Video Transcript
Use the divergence theorem to find
the outward flux of 𝐅 equal to 𝑦𝐢 plus 𝑥𝐣 minus 𝑧𝐤 across the boundary of the
region 𝐷: the solid cylinder 𝑥 squared plus 𝑦 squared less than or equal to four
between the plane 𝑧 equals zero and the paraboloid 𝑧 equals 𝑥 squared plus 𝑦
squared.
This question is a fantastic
demonstration of how dramatically the divergence theorem can simplify otherwise
extremely complicated integrals.
Let’s make a diagram of the
scenario. Let’s start with the cylinder, 𝑥
squared plus 𝑦 squared less than or equal to four. This is just a circle of radius two
stretched into three dimensions along the 𝑧-axis.

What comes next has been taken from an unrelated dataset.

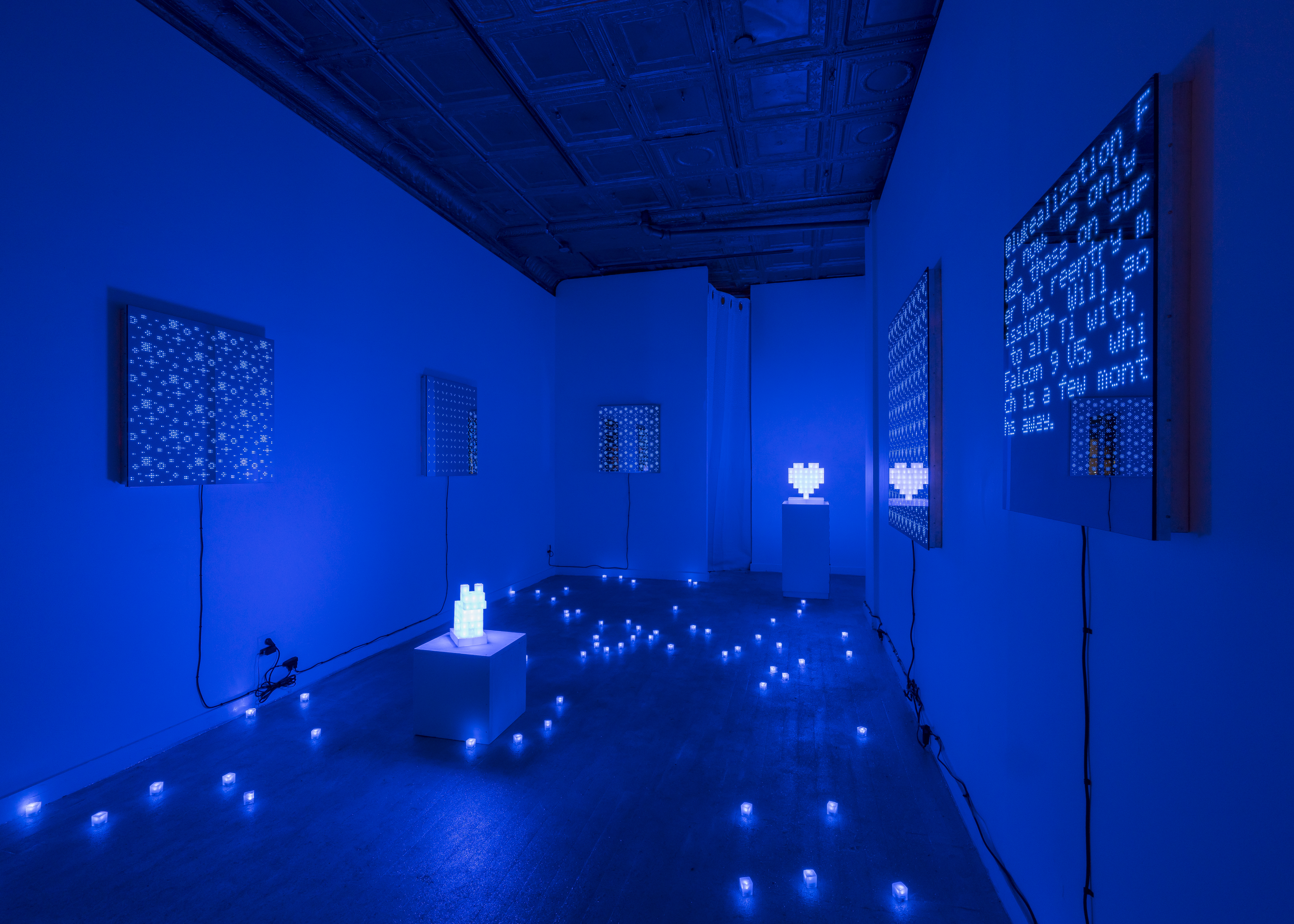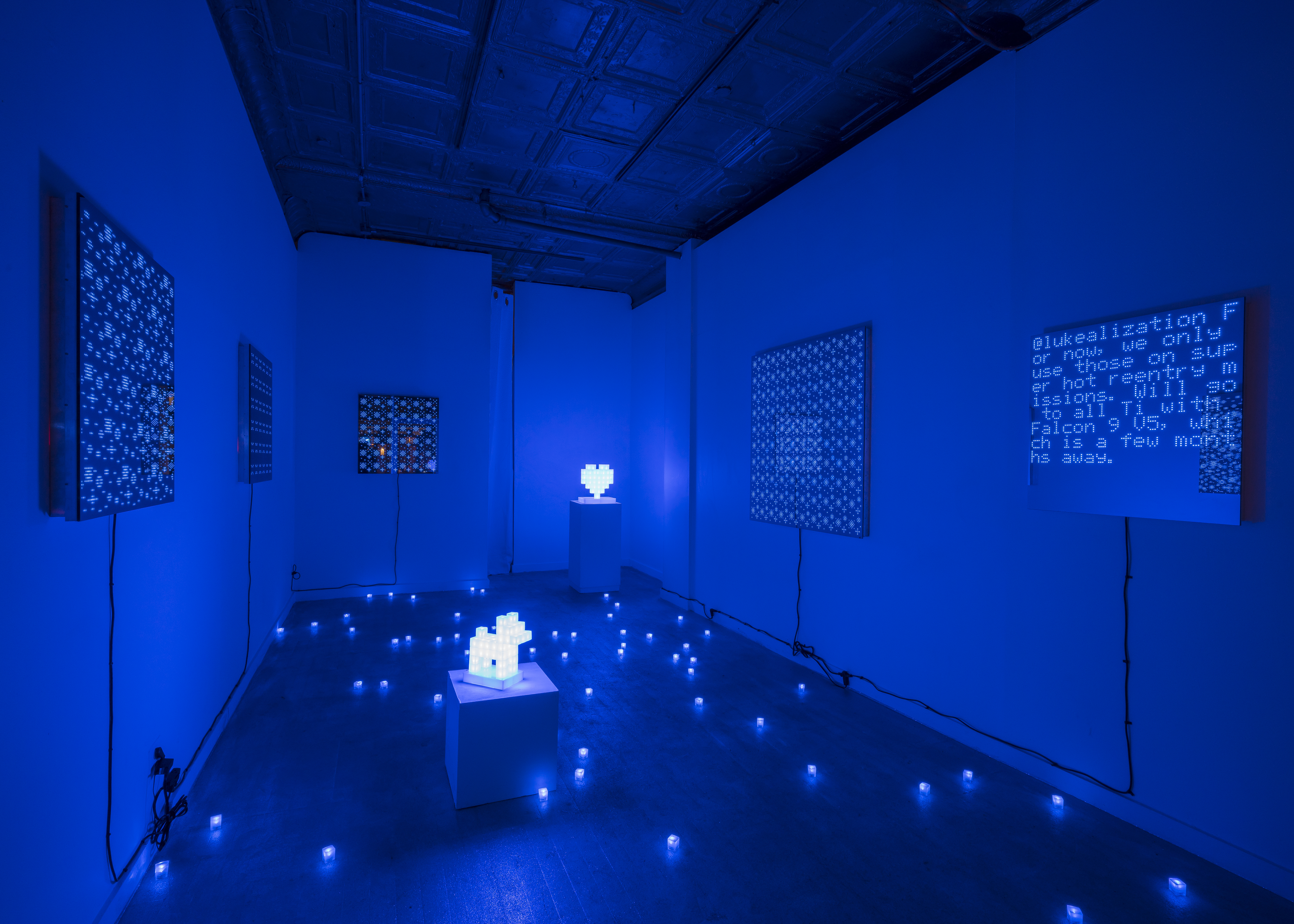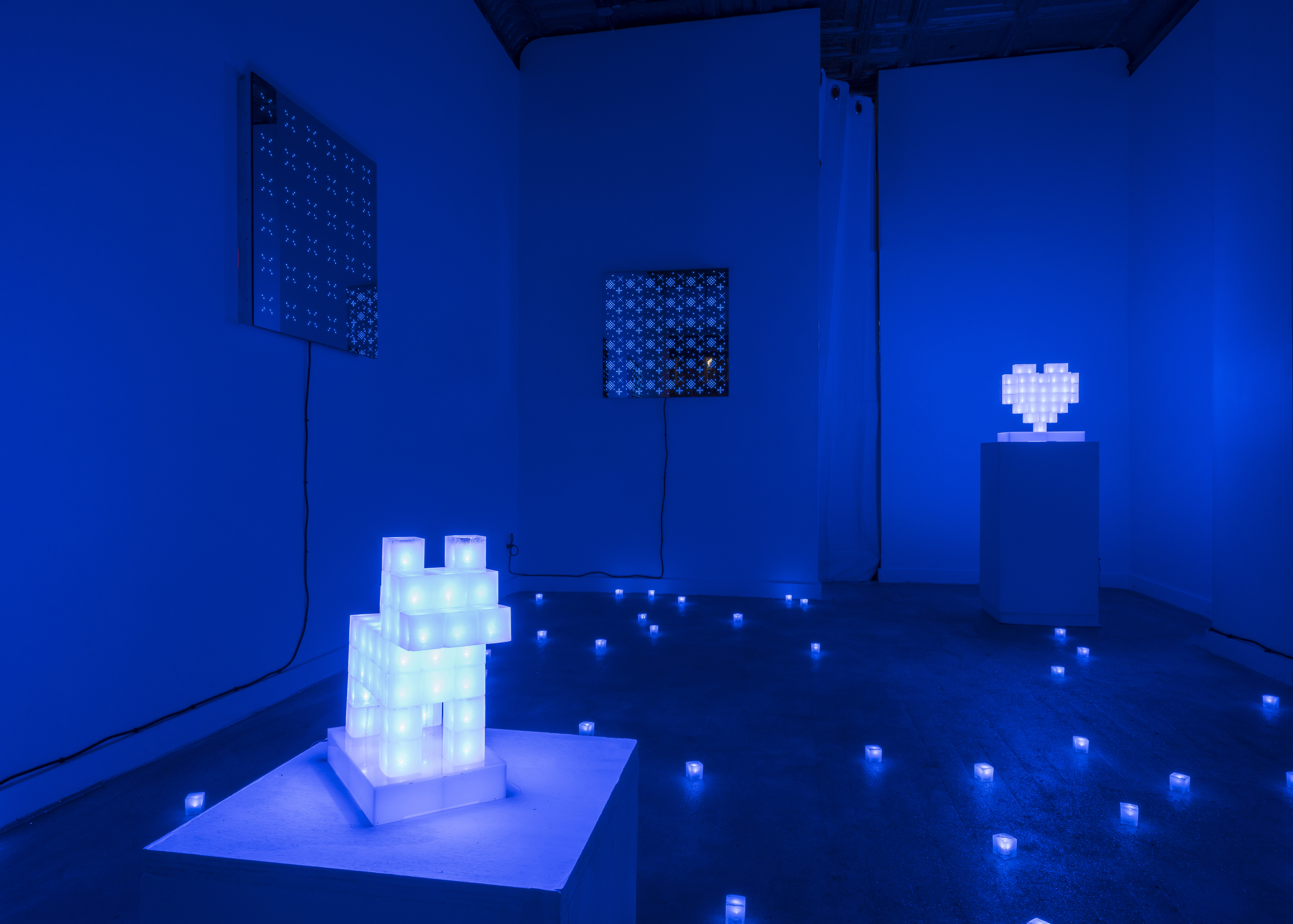 The works in Lateral Thinking with Withered Technology make use of LEDs in a variety of styles and critically engage how the digital world influences many aspects of contemporary culture. In sculpture, the light is built into cubes of clear resin, each serving as an individual pixel. Instead of color emission resulting from light reflection, here, the sculptures emit light themselves, producing a different experience for the retina. Similarly, two-way mirrors bring viewers into the flat works walls as a matrix of pixels march before our eyes. There is a sense of something simultaneously primitive and futuristic floating across a minimalistic space map composed of binary 1's and 0's – digital pixels emerging from the screen to inhabit the real world, a nod to the Augmented Reality (AR) movement propelling the future upon us.

We need only draw the cylinder down
to the 𝑥𝑦-plane, or 𝑧 equals zero, since the region concerned is also bound by
the plane 𝑧 equals zero.
Now, for the paraboloid 𝑧 equals
𝑥 squared plus 𝑦 squared, one way of thinking of this is that the height 𝑧
increases with the square of the distance from the 𝑧-axis, 𝑥 squared plus 𝑦
squared. The paraboloid therefore looks
something like this, a standard 2D parabola rotated 360 degrees around the
𝑧-axis. At the point where the two shapes
intersect, the distance from the 𝑧-axis or the square root of 𝑥 squared plus 𝑦
squared is the same. Therefore, the value of 𝑥 squared
plus 𝑦 squared is the same. Therefore, the intersection is at a
height of 𝑧 equals four. The region 𝐷 is therefore this
region underneath the paraboloid but still inside the cylinder and above the plane
𝑧 equals zero.
The outward flux of a vector field
𝐅 coming from this region 𝐷 is given by the double integral over the surface 𝑆,
which bounds the region 𝐷, of 𝐅 dot d𝐒, where d𝐒 is the unit normal times the
area element of the surface.
Evaluating this integral directly
would be extremely difficult. First of all, we have three
separate surfaces. We have the exterior surface of the
paraboloid, the curved surface of the cylinder, and the circular bottom of the
cylinder. Not only that, but evaluating the
dot product of 𝐅 and the unit normal times the area element on each of these
surfaces will be extremely hard. But instead we can use the
divergence theorem, which states that the surface integral over a closed surface 𝑆
of the scalar product of the vector field 𝐅 and the unit normal to the surface d𝐒
is given by the volume integral over the volume 𝑉 bound by 𝑆 of the divergence of
𝐅 or ∇ dot 𝐅.
The divergence theorem is extremely
useful for scenarios in which the divergence of 𝐅 is a simpler function than the
outward flux of 𝐅 or if the volume 𝑉 is more straightforward to integrate over
than the surface 𝑆. In this case, both are true. Whenever we have a linear function
for a vector field, the divergence will always be a constant, since we’re taking the
derivative of a linear function. Therefore, when integrating the
divergence of a linear function over a volume 𝑉, the result is just the constant
value of the divergence times the magnitude of the volume 𝑉. Let’s clear a little space before
we continue.
So taking the divergence of 𝐅, we
have 𝜕 by 𝜕𝑥 𝐢 plus 𝜕 by 𝜕𝑦 𝐣 plus 𝜕 by 𝜕𝑧 𝐤 dot 𝑦𝐢 plus 𝑥𝐣 minus
𝑧𝐤. This gives us 𝜕 by 𝜕𝑥 of 𝑦 plus
𝜕 by 𝜕𝑦 of 𝑥 plus 𝜕 by 𝜕𝑧 of negative 𝑧. This evaluates to zero plus zero
minus one, so this comes to negative one. So the triple integral over 𝐷 of
the divergence of 𝐅 comes to simply the triple integral over 𝐷 of negative one
d𝑉. And we can take this negative one
outside the integration to give us negative the integral over 𝐷 of d𝑉.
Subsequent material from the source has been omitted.